Generally, the purpose of this rule is to eliminate duplicative suits by disposing of multiple claims arising from a single, or closely related, set of facts. See Dery v. Wyer, 265 F.2d 804 (2d Cir.1959). Granting permission to prosecute a third-party action is, however, a matter committed to the discretion of the trial court. Farmers and Merchants Mut. Fire Ins. Co. v. Pulliam, 481 F.2d 670 (10th Cir.1973); General Elec. Co. v. Irvin, 274 F.2d 175 (6th Cir.1960). The discretionary power of the court is not circumvented in cases wherein the third-party complaint may be served without leave of the court, pursuant to the provisions of Fed.R.Civ.P. 14(a). C. Wright & A. Miller, Federal Practice and Procedure § 1460 (1971).

Dow asserts that it is entitled to relief from Foster Wheeler because: (1) the corporate integrity of Chem Seps has been disregarded and the value of the assets of Foster Wheeler should be added to those of the debtor to determine whether Chem Seps was insolvent at the time of the transfer; and (2) Foster Wheeler made representations assuring payment of the debts of Chem Seps to some creditors who detrimentally relied upon such representations.

These assertions interject issues wholly unrelated to the Chem Seps complaint to recover allegedly preferential transfers. Assuming arguendo that Chem Seps is the alter ego of Foster Wheeler, only the assets of the debtor, Chem Seps, are considered in determining whether it was insolvent when the transfer was made. 11 U.S.C.A. § 547(b)(3) (1979). Foster Wheeler has not filed a petition in bankruptcy and the value of its assets is not a factor with respect to the solvency or insolvency of Chem Seps.

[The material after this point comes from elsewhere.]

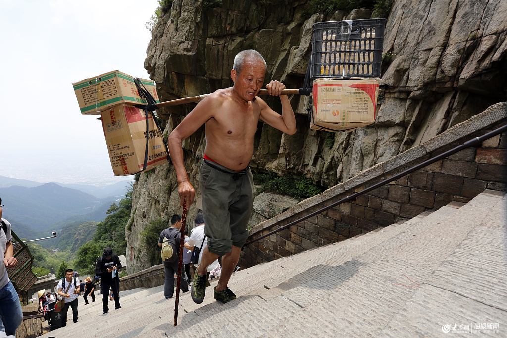 肩上搭一根光溜溜的扁擔(dān),扁擔(dān)兩頭的繩子掛著百余斤的貨物。烈日驕陽下,挑山工裸露的肌膚曬得黑紅,一甩胳膊,一抬腳,一串串汗珠落在地上。炎炎夏日,泰山挑山工并沒有減重,一天兩三趟來回,一趟百十斤重物,或是雞蛋、蔬菜,或是成箱的水和飲料,只要岱頂商戶一聲吆喝,挑山工們挑起一擔(dān)貨物就上了山,一個個樸實的身影增添了奮斗的光輝。
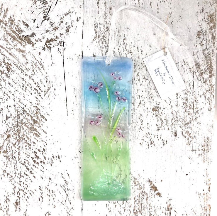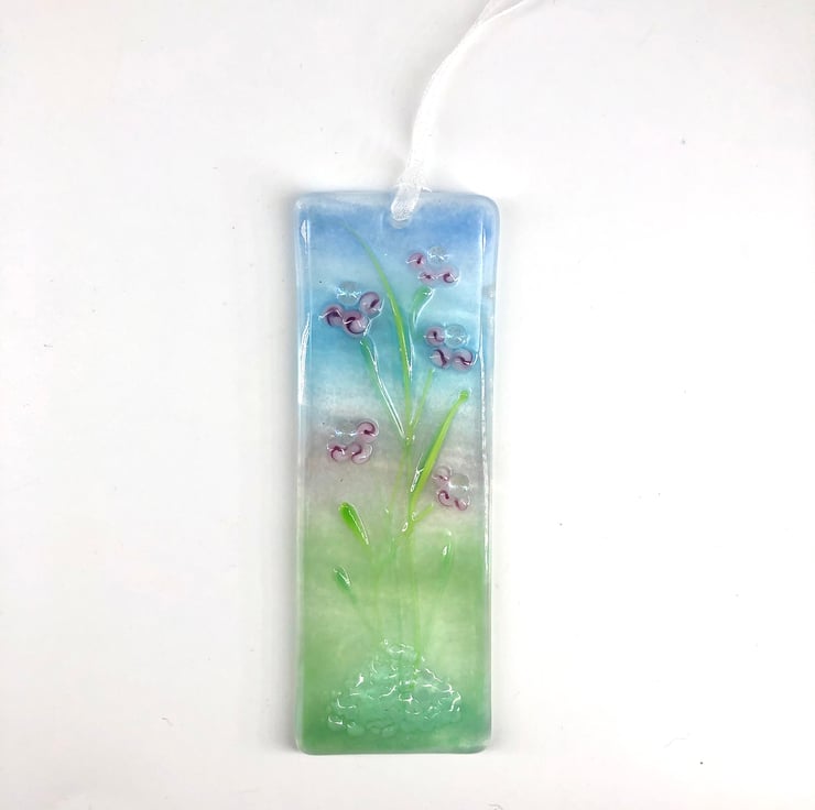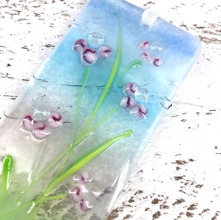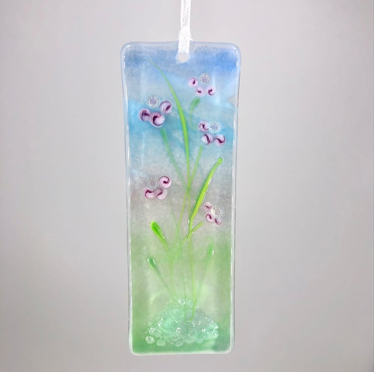 A lovely fused glass light catcher with dainty pink flowers. Hung on a piece of organza ribbon it allows the light to travel through - this gives the piece depth and shows off the full beauty of the glass.

Dow's claim against Foster Wheeler is essentially reduced to an action to recover on the basis of detrimental reliance or misrepresentation. It is not appropriate to adjudicate those questions in the instant preference action; such questions are immaterial *141 with respect to the claim asserted by Chem Seps. Additionally, permitting the third-party complaint to proceed to judgment would further delay trial of the claim of Chem Seps.[1]

The motions of Chem Seps and Foster Wheeler to strike Dow's third-party complaint against Foster Wheeler are GRANTED.

IT IS SO ORDERED.

NOTES

[1] Trial was originally scheduled for August 8, 1983, but was postponed at Dow's request. November 1, 1983, is the rescheduled date for trial.